* **What you are asked to do**
The answer must be an exact copy of the records, with every picture removed.

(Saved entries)
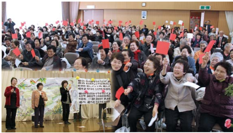
▲第3民生区で開催された、ふれあいサロン大会

高齢化が進む中、一人暮らしや高齢夫婦、介護を必要とする家庭が増えていきます。それにより、外出する機会が減り、周りのふれあいが薄れてきています。 その結果、病气やけがで倒れても誰にも気付かれず、死に至ってしまう孤独死が社会問題となっただけではありません。こうした事態をできるだけ防ぐため、見守りサポート活動が進められています。 活動を進めるに当たり、民生委員が地域の皆さんや関係機関とどう協働していけばいいのかについて研修が重ねられています。 孤立や孤独という問題に対して、地域内で連携して取り組む体制の整備が図られています。
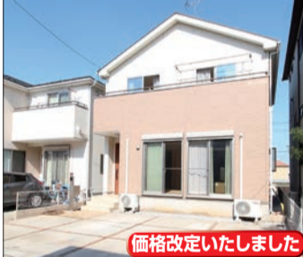
価格改定いたしました
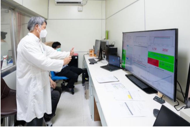
本校團隊在硼中子捕獲治療控制室掌握中子束照射劑量。
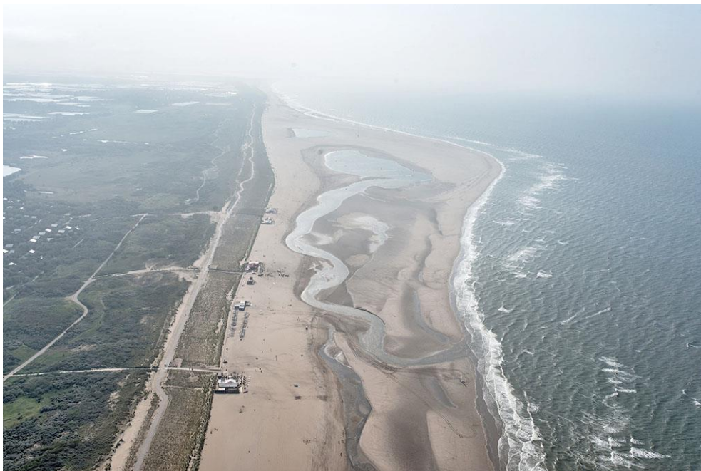
Foto 8: Door natuurlijke processen is op 13 september 2014 de korte geul weer hersteld en slibt de lange geul weer dicht.

* **Your solution**
▲第3民生区で開催された、ふれあいサロン大会

高齢化が進む中、一人暮らしや高齢夫婦、介護を必要とする家庭が増えていきます。それにより、外出する機会が減り、周りのふれあいが薄れてきています。 その結果、病气やけがで倒れても誰にも気付かれず、死に至ってしまう孤独死が社会問題となっただけではありません。こうした事態をできるだけ防ぐため、見守りサポート活動が進められています。 活動を進めるに当たり、民生委員が地域の皆さんや関係機関とどう協働していけばいいのかについて研修が重ねられています。 孤立や孤独という問題に対して、地域内で連携して取り組む体制の整備が図られています。
価格改定いたしました
本校團隊在硼中子捕獲治療控制室掌握中子束照射劑量。
Foto 8: Door natuurlijke processen is op 13 september 2014 de korte geul weer hersteld en slibt de lange geul weer dicht.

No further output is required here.